== EXERCISE DETAILS ==
Look below for the line that has "Heatmap of the"; output exactly from it through the line that has "- Senator Michael", and leave the pictures out.
═══ RECORD EXCERPTS
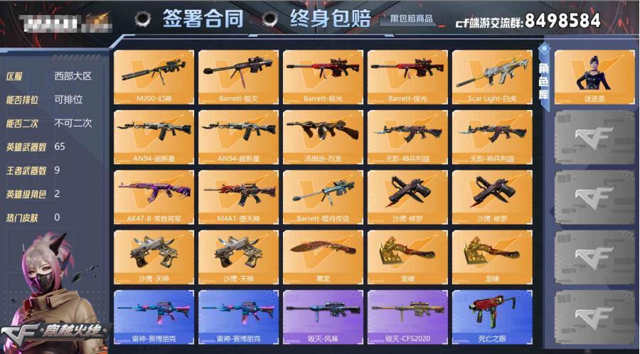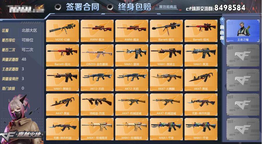 山西一区-52V-3王者武器数-0炫金武器数 【热门武器】:QBZ03-金色蔷薇,M200-幻神,
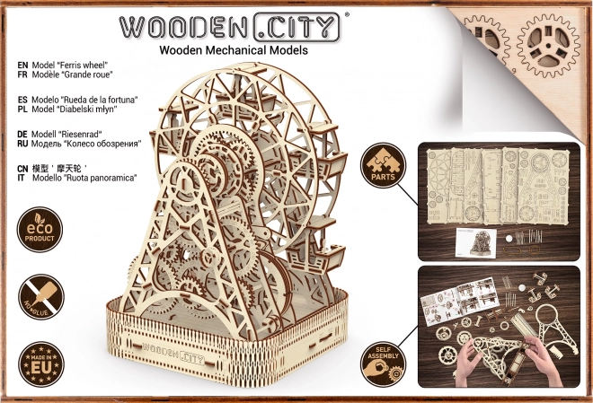 Holzmodell des Riesenrads von WOODEN CITY ist ein großartiger mechanischer Bausatz, der es Ihnen ermöglicht, ein eigenes ikonisches Fahrgeschäft mit drehenden Teilen und versteckten Überraschungen zu schaffen.
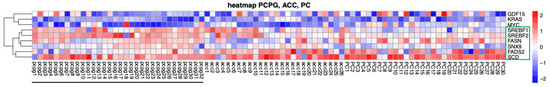 Heatmap of the 9 genes (including 6 genes associated with lipid metabolism, green box) that are differentially expressed between PPGL (underlined), ACC, and Prostate Cancer (PC) tumors. Transcript names are shown along the right axis. Red: increased expression, blue: decreased expression.
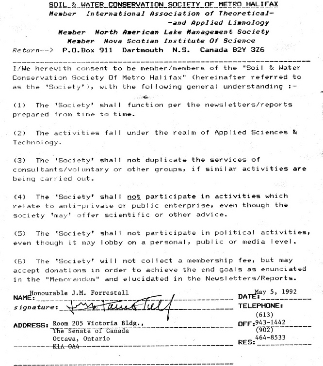 - Senator Michael Forrestall, Dartmouth, NS., and Ottawa (member)
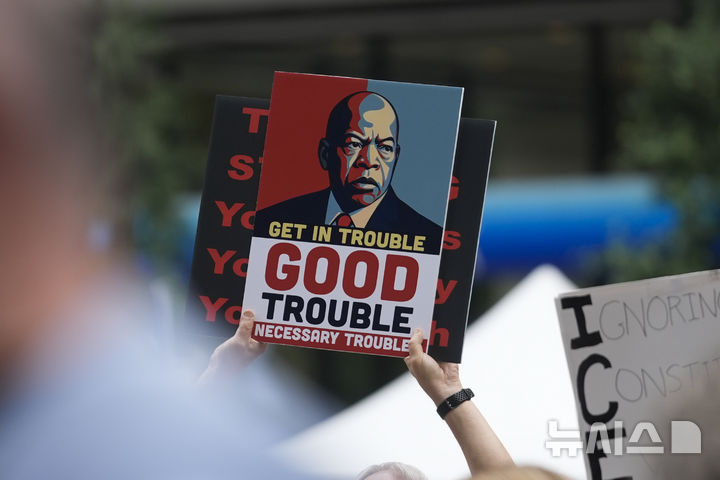 [시카고=AP/뉴시스] 17일(현지 시간) 미 일리노이주 시카고 데일리 광장에서 열린 ‘선한 소란은 계속된다’(Good Trouble Lives On) 전국 행동의 날 집회의 한 참가자가 존 루이스 전 하원의원 그림이 담긴 손팻말을 들고 있다. ‘선한 소란’은 2020년 7월 17일 타계한 미국의 인권운동가이자 하원의원이었던 존 루이스가 만든 표현으로, 부당함에 맞서 의미 있는 변화를 이루기 위해 평화롭고 비폭력적인 방식으로 함께 행동하는 것을 뜻한다. 2025.07.18.
══════
== RESULT OF THE TASK ==
 Heatmap of the 9 genes (including 6 genes associated with lipid metabolism, green box) that are differentially expressed between PPGL (underlined), ACC, and Prostate Cancer (PC) tumors. Transcript names are shown along the right axis. Red: increased expression, blue: decreased expression.
 - Senator Michael Forrestall, Dartmouth, NS., and Ottawa (member)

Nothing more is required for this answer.